The push overseas has been driven by the need to diversify. Like many families in Southeast Asia, Charoen-owned companies already have a dominant market share at home, leaving little room to grow. “We did the analysis of the source of income of the family and we realised that Thailand made up more than 90% of the income three to four years ago,” said Bijananda.

“We have an 80-90% market share in some of the businesses in Thailand and growth depends on the GDP of the country. That’s the reason why TCC is acquiring companies outside Thailand,” he added.

Thailand's GDP grew by a muted 0.7% for the full year 2014, with exports and domestic consumption remaining anaemic after a military coup in May. 

Despite its recent acquisitions, TCC is hungry for more deals. “We are looking for more acquisitions. When we bought F&N, we lost APB [Asia Pacific Breweries] ” to another bidder, said Bijananda.

“We want to grow our business, particularly in the beverage and beer business in this region, and we are looking for opportunities. Our chairman looks forward to build an APB-like company in the near future,” he added.

Former Asia Pacific Breweries CEO Koh Poh Tiong now works at Fraser & Neave, along with other former APB employees.

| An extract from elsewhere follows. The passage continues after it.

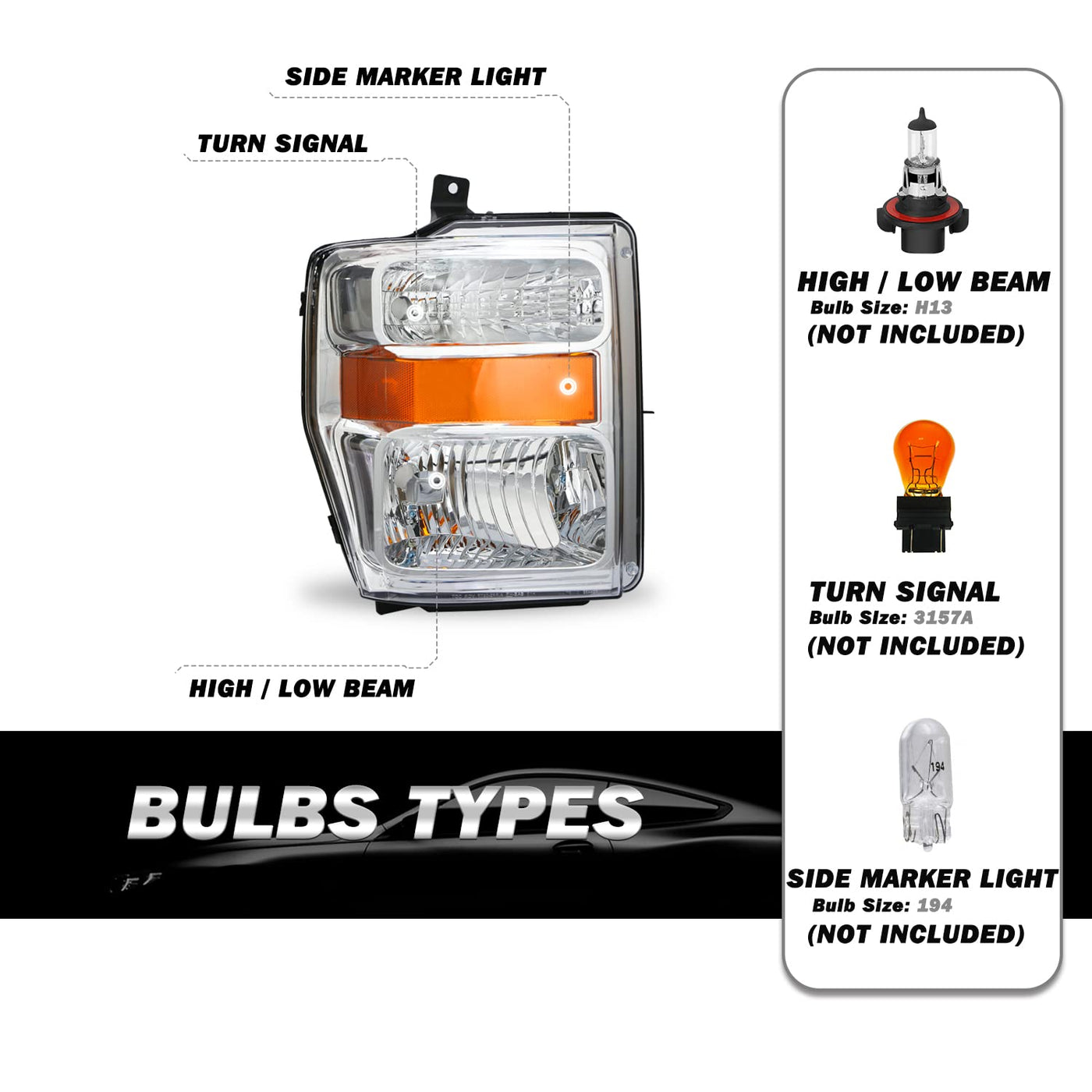 Suitable Vehicle Model: ?2008 / 2009 / 2010 Ford F-250 / F-350 / F-450 / F-550 Super Duty ?Not Compatible With Sealed Beam Headlights Models Bulbs Type: Bulbs Are Not Included. Please Reuse Original Bulbs. ? High / Low Beam: H13 ? Bulbs Are Not Included.
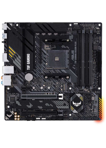 Ігрова материнська плата з чипсетом AMD B550: форм-фактор micro-ATX, PCIe 4.0, два слоти M. 2, 10 силових модулів DrMOS, 2.5G Ethernet, HDMI, DisplayPort, SATA 6 Гбіт/с, USB 3.2 Gen2 (Type-A і Type-C), синхронізована підсвітка Aura. Роз'єм AM4 для процесорів AMD Ryzen третього покоління. Оптимізована система живлення: 10 силових модулів DrMOS (8+2), роз'єм живлення ProCool, довговічні компоненти TUF, цифрове регулювання. Повноцінне охолодження: радіатори системи живлення, чипсетний радіатор, радіатор M.2, гібридні роз'єми для вентиляторів і утиліта Fan Xpert 4. Сучасні інтерфейси: M.2 (PCIe 4.0) і USB 3.2 Gen2 (Type-A і Type-C). Оптимальне рішення для онлайн-ігор: 2.5G Ethernet, захист мережевого роз'єму (TUF LANGuard), трафік-менеджер TurboLAN. Інтелектуальне шумозаглушення для мікрофона: чіткий голосовий зв'язок під час гри. ДОВГОВІЧНІСТЬ, СТАБІЛЬНІСТЬ, НАДІЙНІСТЬ. Материнські плати серії TUF Gaming - це високонадійні пристрої, створені та протестовані для роботи в особливо складних умовах. Завдяки добірній елементній базі вони забезпечать максимальну стабільність комп'ютера під час тривалих ігрових сесій. Обравши таку плату, ви також зможете скористатися перевагами програми TUF Gaming Alliance, у межах якої компанія ASUS спільно зі своїми партнерами пропонує оригінальні рішення, спрямовані на те, щоб поліпшити сумісність компонентів, полегшити складання комп'ютера та надати більше можливостей щодо його персоналізації. СИЛОВІ МОДУЛІ DRMOS. У системі живлення процесора, реалізованій на материнській платі TUF Gaming B550M-Plus, застосовують 8+2 силових модулі DrMOS, кожен із яких містить у собі драйвер, нижній і верхній MOSFET-ключі. Завдяки такій інтеграції компонентів досягається підвищена ефективність, яка потрібна для стабільної роботи процесорів AMD Ryzen третього покоління. РОЗ'ЄМ PROCOOL. ПОКРАЩЕНИЙ 8-КОНТАКТНИЙ РОЗ'ЄМ ЖИВЛЕННЯ. Підвищена міцність. Надійне під'єднання. Спеціальні роз'єми живлення ProCool, реалізовані на материнських платах ASUS, гарантують надійне під'єднання кабелів, знижений електричний опір і поліпшене розсіювання тепла, як порівняти зі стандартними. ДРОСЕЛІ TUF. Відповідаючи суворим військово-промисловим стандартам, дроселі TUF подають центральному процесору максимально стабільний струм, що покращує загальну надійність роботи комп'ютера. КОНДЕНСАТОРИ TUF. Ексклюзивні конденсатори можуть похвалитися підвищеною термостійкістю і збільшеним терміном служби. СТАБІЛІЗАТОР НАПРУГИ DIGI+. Цифрова система живлення, реалізована на цій материнській платі, забезпечує стабільну роботу та високу енергоефективність. ТЕХНОЛОГІЯ SAFESLOT. SafeSlot - це особливий спосіб кріплення слота PCIe на основі додаткових внутрішніх металевих елементів, які забезпечують підвищену міцність і стійкість до деформацій під час установлення та виймання плати розширення. ESD GUARDS. На материнських платах ASUS реалізовано повноцінний захист від потенційно небезпечних розрядів статичної електрики: повітряного електростатичного розряду напругою до +/- 10 кВ і контактного розряду до +/- 6 кВ. Це значно перевищує вимоги промислових стандартів (+/-6 кВ і +/-4 кВ, відповідно). TUF LANGUARD. Роз'єм дротової мережі Ethernet на материнських платах серії TUF додатково захищений від електростатичних розрядів і сплесків напруги. ЕЛЕКТРОЗАХИСТ ПАМ'ЯТІ. Для запобігання перевантаження за струмом і коротких замикань на материнській платі використовуються вбудовані запобіжники. Вони захищають усі компоненти пристрою, починаю

Charoen has not been one to shy away from a fight. He fought off a consortium led by OUE in the bidding war for Fraser & Neave while last year Frasers Centrepoint beat down rival Stockland in the bid for Australand

Despite that, according to Bijananda, the company is not keen on hostile takeovers. “We don’t want a hostile situation, we want a win-win,” he said.

A earlier version of this item incorrectly stated that F&N had already sold its 55% stake in Myanmar Brewery. The deal is pending.